Excerpts from a dataset:

__________

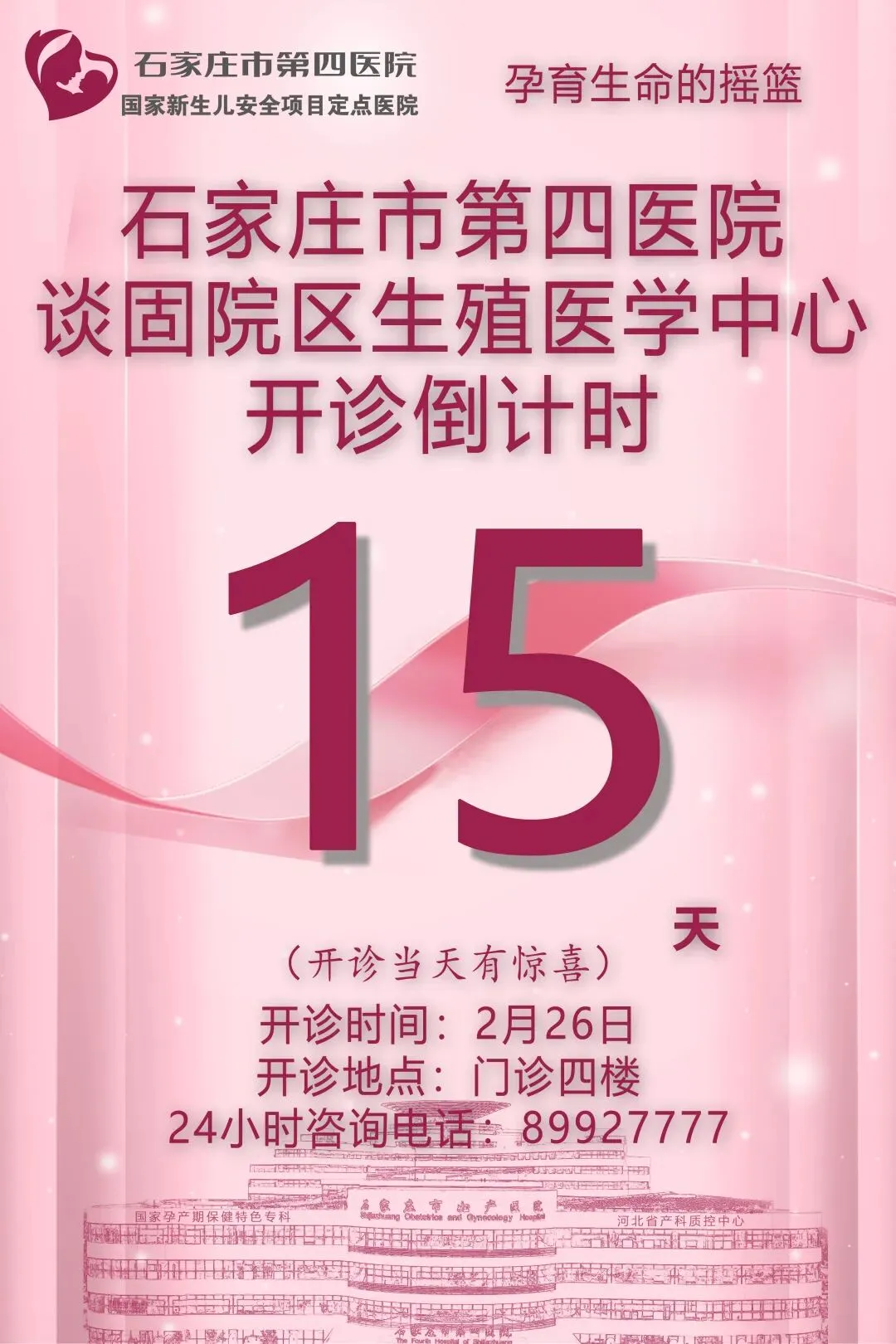 >石家庄市第四医院谈固院区生殖医学中心2月26日开诊,敬请期待!
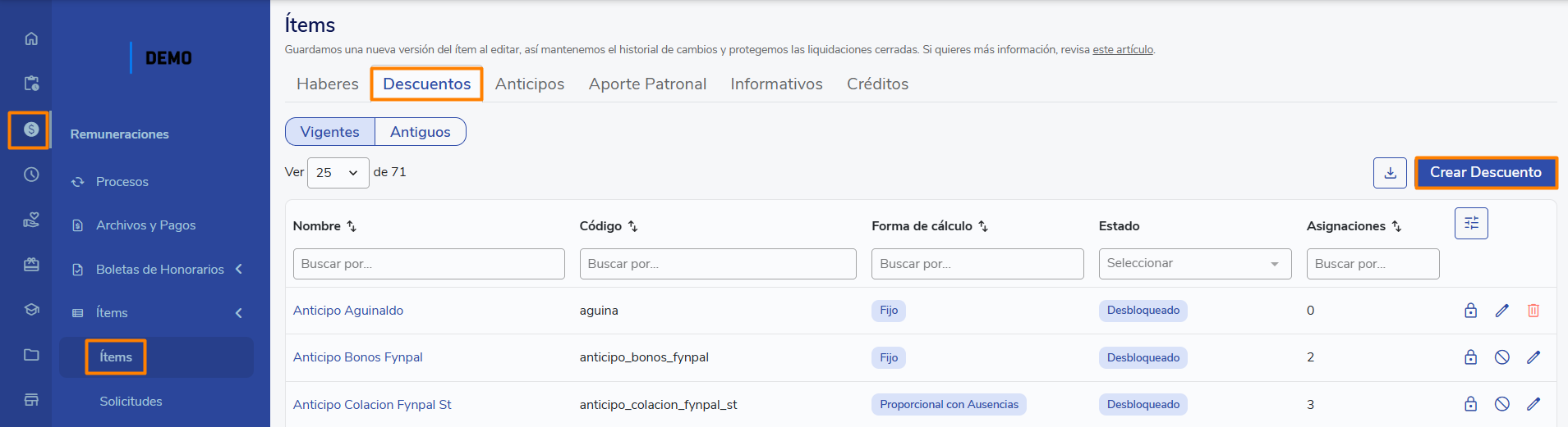 Accede al menú lateral Remuneraciones y luego haz clic en Ítems. Ingresa a la pestaña Descuentos y allí haz clic en el botón Crear descuento.
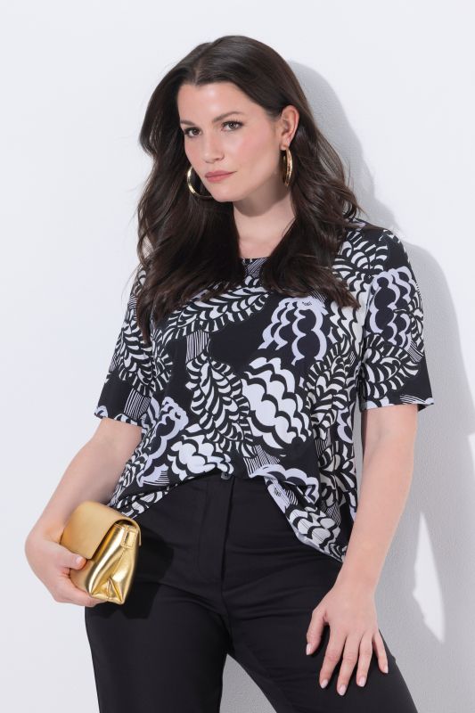 Mixed Floral Print Stretch Knit Slinky Top A modern black and white print with artistic flair.
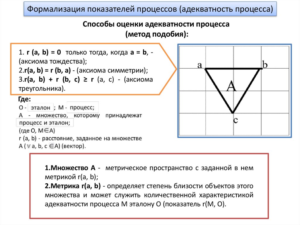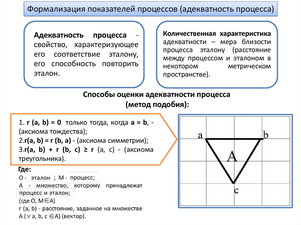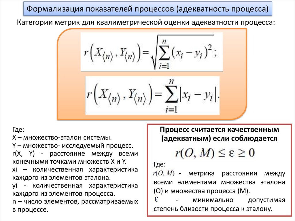 Формализация показателей процессов (адекватность процесса)Способы оценки адекватности процесса
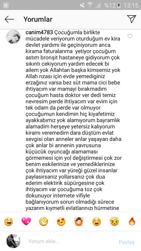 onları alıp satıyorlar ama.böyle hemen inanmayın , fakirlikten ölüyor ama instagramda geziyor? belediyelere kaymakamlıklara başvursun.siz de eğer yardım toplamak istiyorsanız böyle makamlara başvurup durum tespiti yaptırıp resmi bir yardımda bulunun.
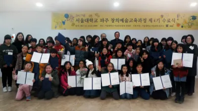 서울대학교 파주 창의예술교육과정’제4기 수료식 개최 - 1월 18일까지 제5기 신입생 모집 파주시와 서울대학교 미술대학이 헤이리 신양전시관에서 개설 중인 ‘서울대학교 파주 창의예술교육과정’이 지난 23일 학생과 학부모, 파주시와 서울대학교 관계자 약 100여명...
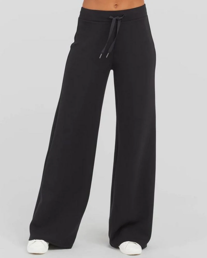 Luxurious and lightweight fabric, these wide leg pants will be your new favorite bottoms. 4-wy stretch and all-day comfort. Front drawstring for the perfect fit. Pair with a comfy top or pullover.
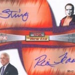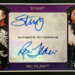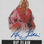 Flair's newest autographs are found in 2017 Topps WWE (up top), then on a single dual-auto card in 2017 Topps WWE Undisputed alongside his daughter, Charlotte, and on another with her in 2017 Topps WWE Road to WrestleMania.
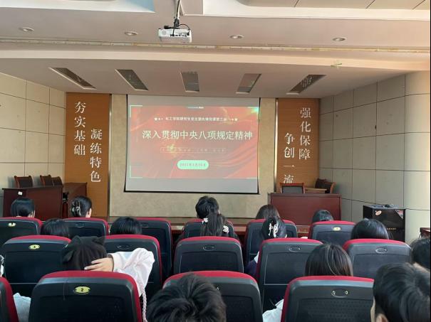 研究生党支部先锋党课第三讲开讲。本次党课以"深入贯彻中央八项规定精神"为主题,由党支部书记易凡主持,研究生一年级党员、入党积极分子参与党课,二三年级则通过腾讯会议同步学习。课程中,易凡老师阐明党课主题后,由纪玉涵、范文龙、王庆伟三位同志分别领学。纪玉涵介绍了中央八项规定的出台背景、核心内容及实施成效,强调其作为全面从严治党"第一刀"的重要意义;范文龙结合基层调研、政务公开等典型案例,阐释八项规定在推动党风政风转变中的示范作用;王庆伟则通过违规宴请、超标接待等反面教材的分享,警示与会党员必须防微杜渐、筑牢防线。在领学结束后开展的讨论中,李倩、孟一诺两名同志结合科研诚信、学术作风等实际问题,分享对中央八项规定精神时代价值的理解,号召青年党员从细微处践行要求。最后,易凡总结谈到,本次活动通过"理论+案例""正面+反面"的立体化学习模式,强化了学生党员的政治意识,号召全体成员将中央八项规定精神内化为行动准则,助力营造风清气正的校园生态。
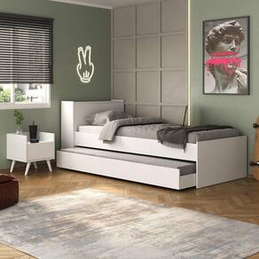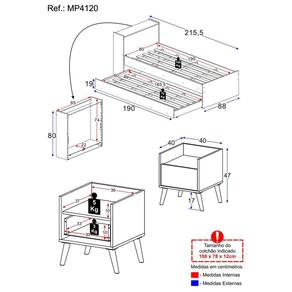 Renove seu ambiente com o Conjunto Quarto Bicama com Baú e Mesa de Cabeceira Retrô Multimóveis MP4120. A mesa de cabeceira é produzida em MDP com acabamento acetinado (cerca de 20% de brilho), que garante maior durabilidade e facilidade na limpeza, possui 1 gaveta com amplo espaço interno e corrediças metálicas que proporcionam mais leveza no manuseio. Os pés retrô, em polipropileno, dão um charme especial ao móvel deixando-o com um visual leve. Já a bicama solteiro para colchão 188x78cm é produzida em MDP com acabamento em pintura UV Premium de alta resistência. Possui um baú embutido com um amplo espaço para acomodar as roupas de cama e outros pertences, deixando o seu ambiente organizado. Bicama suporta até 100kg cama principal / 70kg cama auxiliar e NÃO acompanha colchão.

__________

EXERCISE> The lines from the top of the data above through the one holding "Формализация показателей процессов" are to be repeated exactly, and only those, with no pictures.

YOUR SOLUTION>
 >石家庄市第四医院谈固院区生殖医学中心2月26日开诊,敬请期待!
 Accede al menú lateral Remuneraciones y luego haz clic en Ítems. Ingresa a la pestaña Descuentos y allí haz clic en el botón Crear descuento.
 Mixed Floral Print Stretch Knit Slinky Top A modern black and white print with artistic flair.
 Формализация показателей процессов (адекватность процесса)Способы оценки адекватности процесса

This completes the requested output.